Hello,
I've just noticed that the file /etc/ha.d/resource.d/drbddisk, which belongs to package drbd-8.0.6-1.el5.centos, is missing from one of my test machines:
# rpm --verify drbd S.5....T c /etc/drbd.conf missing /etc/ha.d/resource.d/drbddisk
I'm looking at this as an opporunity to learn something about RPM which bugged me for a while - in Debian, aptitude and apt-get provide options to re-install existing package without removing it.
If I understand this correctly, then "rpm -i --force drbd-8.0.6-1.el5.centos.rpm" would re-install the package. Is this correct?
The rpm solution would require me to find and manually download the rpm file. Is there a way to do this through yum?
Thanks,
--Amos
Amos Shapira wrote:
Hello,
I've just noticed that the file /etc/ha.d/resource.d/drbddisk, which belongs to package drbd-8.0.6-1.el5.centos, is missing from one of my test machines:
# rpm --verify drbd S.5....T c /etc/drbd.conf missing /etc/ha.d/resource.d/drbddisk
I'm looking at this as an opporunity to learn something about RPM which bugged me for a while - in Debian, aptitude and apt-get provide options to re-install existing package without removing it.
If I understand this correctly, then "rpm -i --force drbd-8.0.6-1.el5.centos.rpm" would re-install the package. Is this correct?
The rpm solution would require me to find and manually download the rpm file. Is there a way to do this through yum?
you can always "yum install synaptic" and do your stuff with synaptic/apt (it's in rpmforge) that's the only thing I ever use yum for ;-)
On Fri, 2007-12-07 at 11:54 +1100, Amos Shapira wrote:
I'm looking at this as an opporunity to learn something about RPM which bugged me for a while - in Debian, aptitude and apt-get provide options to re-install existing package without removing it.
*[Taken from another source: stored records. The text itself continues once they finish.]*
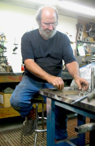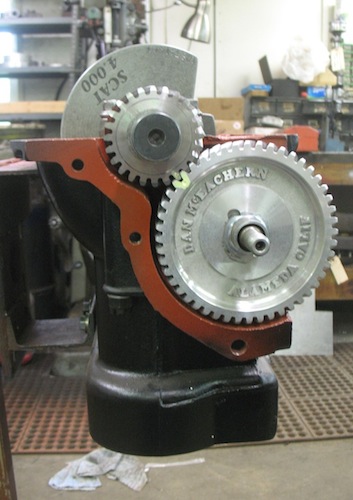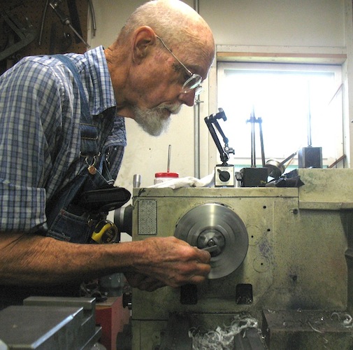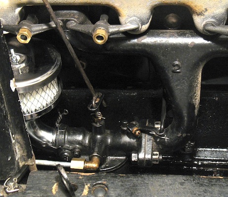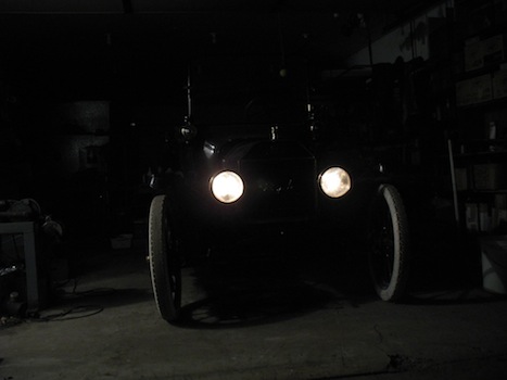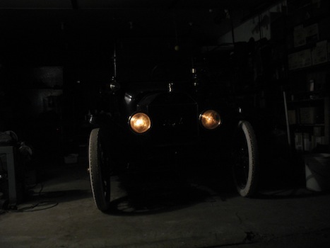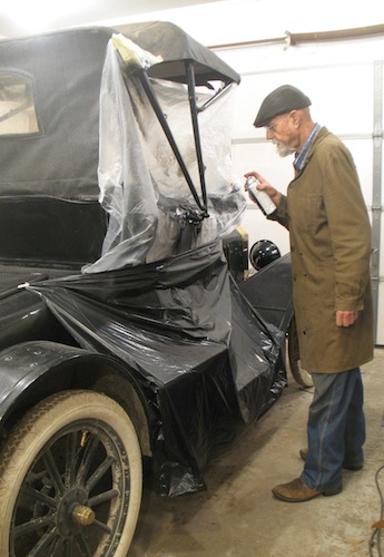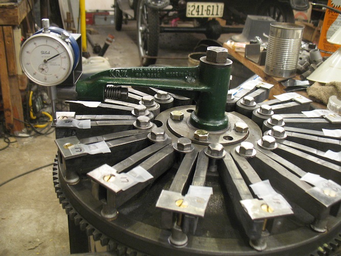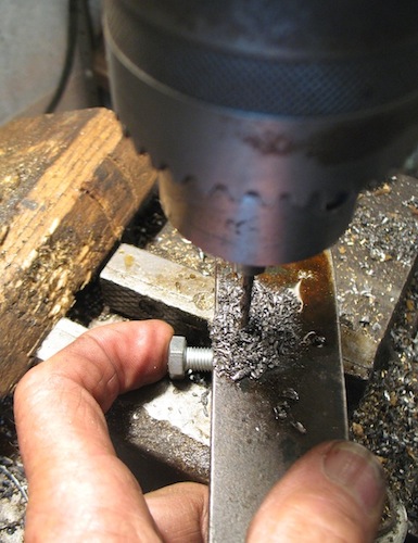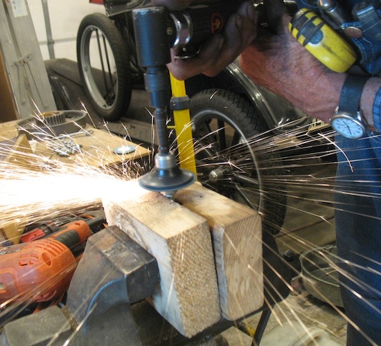 The first job of the day was painting the new rivet I made for the roadster's top, and touching up the top irons. Next was inspecting the car and checking off items on the MTFCA inspection list. When I got to the hand brake control I found that it was attached by the wrong nuts and bolts, and I set about making correct ones. I made a drill guide and put holes for cotter pins in 32 bolts, then ground off the modern markings, stripped off the cad plating, and prepped the bolts and some castle nuts for painting tomorrow. |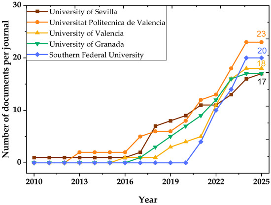 Figure 8 shows the evolution in the number of documents published by the five most frequent affiliations, all of them universities, between 2010 and 2025. As indicated above, a notable growth can be seen from 2018 onwards, with a more exponential increase in recent years. The University of Seville is positioned as the institution with the highest number of publications, followed by the Universitat Politècnica de València and the University of Valencia. The University of Granada and the Southern Federal University also show an upward trend, although with a lower volume of publications. In this sense, as might be expected, the four institutions that publish the most on the subject are Spanish.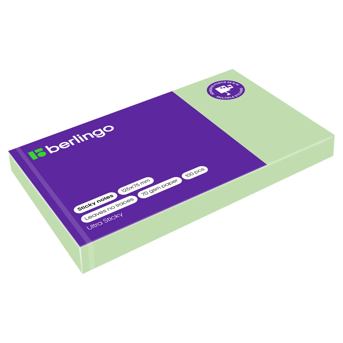 Блок для записей с клейким краем Berlingo Ultra Sticky зеленый, пастель, 125х75мм, 100 листов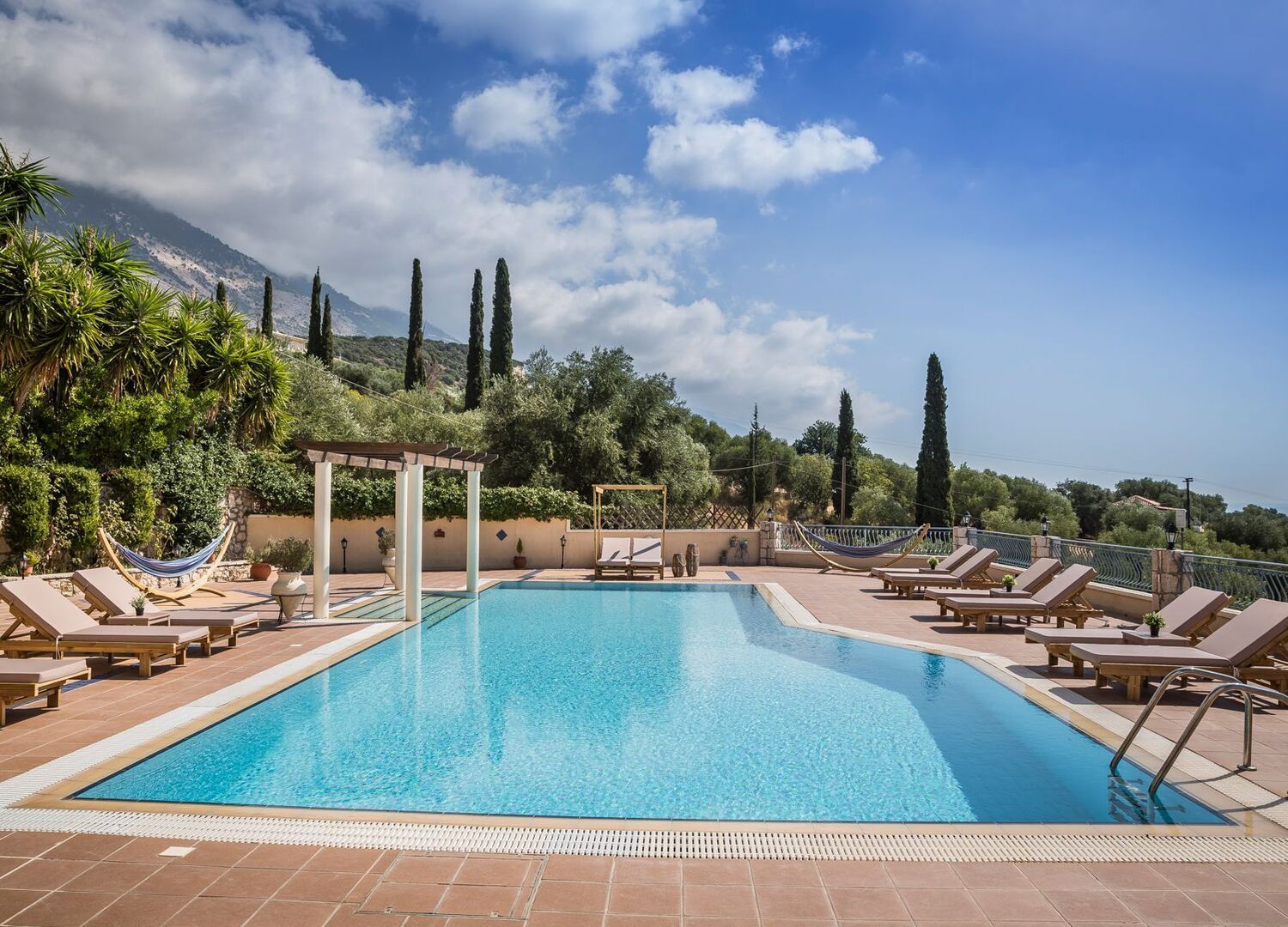 Diana Studios Kefalonia is a charming hotel located in Trapezaki, Kefalonia. The studios and apartments are decorated in soothing blue and white tones, offering panoramic sea and mountain views. Guests can enjoy the outdoor pool, air-conditioned rooms with fully equipped kitchens, TV, free Wi-Fi, and balconies overlooking the sea and countryside. A perfect choice for a relaxing and comfortable stay in Kefalonia.

If I understand this correctly, then "rpm -i --force drbd-8.0.6-1.el5.centos.rpm" would re-install the package. Is this correct?
The rpm solution would require me to find and manually download the rpm file. Is there a way to do this through yum?
Not as described, although you can use yumdownloader in yum-utils to pull down the package, and a plugin can be written for yum that allows this.